Il giorno dopo l’orrore per l’ennesima tragedia di migranti,
la comunità di Lampedusa vive oggi una giornata di sconforto ma anche di speranza,
come ha affermato il parroco dell’isola, donStefano Nastasi, intervistato
da Elvira Ragosta:
R. – C’è tanta
rabbia, tanto sconforto, anche perché la comunità ha pensato fin dal primo momento
che era qualcosa che si doveva e si poteva probabilmente evitare.
D. – I lampedusani
continuano la staffetta di solidarietà, nonostante le scene terribili di ieri, ma
cosa resterà alla popolazione di questa esperienza?
R. – Non possono nascondere
uno scoraggiamento, che quindi non è solo mio, ma anche della comunità. Questo è un
dramma troppo grande per noi, che incide nella carne di una comunità, perché se da
un lato c’è la perdita di questi fratelli, il dolore atroce delle loro famiglie, dall’altro
lato c’è una sofferenza che s’iscrive nella storia di questa comunità e che entra
nelle nostre carni.
D. - Lei si è unito all’appello del sindaco Giusi Nicolini
e alle istituzioni italiane ed europee. Quale potrebbe essere, secondo lei, la soluzione
più efficace per evitare l’ennesima tragedia di migranti?
R. – Penso che la
risposta sia di realizzare un corridoio umanitario, in modo tale da poter dare la
possibilità a chi riceve lo status di rifugiato di poter essere custodito, senza essere
travolto dal mare.
D. – Di cosa maggiormente ha bisogno in questo momento la
comunità dei lampedusani?
R. – Non credo ci sia un bisogno di qualcosa di materiale.

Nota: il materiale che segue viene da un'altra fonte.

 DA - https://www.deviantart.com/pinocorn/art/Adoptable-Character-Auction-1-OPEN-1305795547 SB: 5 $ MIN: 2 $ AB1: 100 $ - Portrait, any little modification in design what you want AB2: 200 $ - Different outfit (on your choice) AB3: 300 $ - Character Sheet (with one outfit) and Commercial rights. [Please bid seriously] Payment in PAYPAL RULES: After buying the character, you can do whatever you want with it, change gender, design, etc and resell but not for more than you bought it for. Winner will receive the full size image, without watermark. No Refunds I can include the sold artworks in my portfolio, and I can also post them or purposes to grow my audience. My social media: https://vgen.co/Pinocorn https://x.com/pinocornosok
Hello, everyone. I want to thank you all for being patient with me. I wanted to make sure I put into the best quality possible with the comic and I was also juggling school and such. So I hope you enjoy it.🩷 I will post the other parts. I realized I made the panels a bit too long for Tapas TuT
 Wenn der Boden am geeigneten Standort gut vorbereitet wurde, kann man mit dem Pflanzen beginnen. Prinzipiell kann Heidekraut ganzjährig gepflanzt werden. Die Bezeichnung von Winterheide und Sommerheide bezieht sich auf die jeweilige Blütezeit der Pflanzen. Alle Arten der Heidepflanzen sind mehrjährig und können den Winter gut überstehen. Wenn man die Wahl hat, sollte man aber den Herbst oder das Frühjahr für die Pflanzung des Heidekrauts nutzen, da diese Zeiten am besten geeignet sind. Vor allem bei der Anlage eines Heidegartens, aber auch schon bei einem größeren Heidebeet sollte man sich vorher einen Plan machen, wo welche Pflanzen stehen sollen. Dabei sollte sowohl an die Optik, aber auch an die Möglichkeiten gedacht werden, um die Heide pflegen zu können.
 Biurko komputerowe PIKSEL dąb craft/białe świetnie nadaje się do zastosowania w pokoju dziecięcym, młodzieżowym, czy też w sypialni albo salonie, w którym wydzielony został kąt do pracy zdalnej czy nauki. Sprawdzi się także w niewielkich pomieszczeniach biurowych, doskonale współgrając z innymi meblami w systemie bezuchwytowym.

Quello che serve per i giorni futuri è una solidarietà fattiva, attraverso la quale
Lampedusa si senta parte viva dell’Italia e non si senta ancora una volta un’appendice
dell’Italia o dell’Europa. Ci aiuta sicuramente riunirci in preghiera, ma anche il
sostegno che è venuto prima da Papa Francesco e poi anche da altri. Bisogna ripartire
da lì per alimentare di nuovo quella speranza di cui abbiamo bisogno, per ridare consolazione
a questa comunità come anche alle famiglie e ai migranti.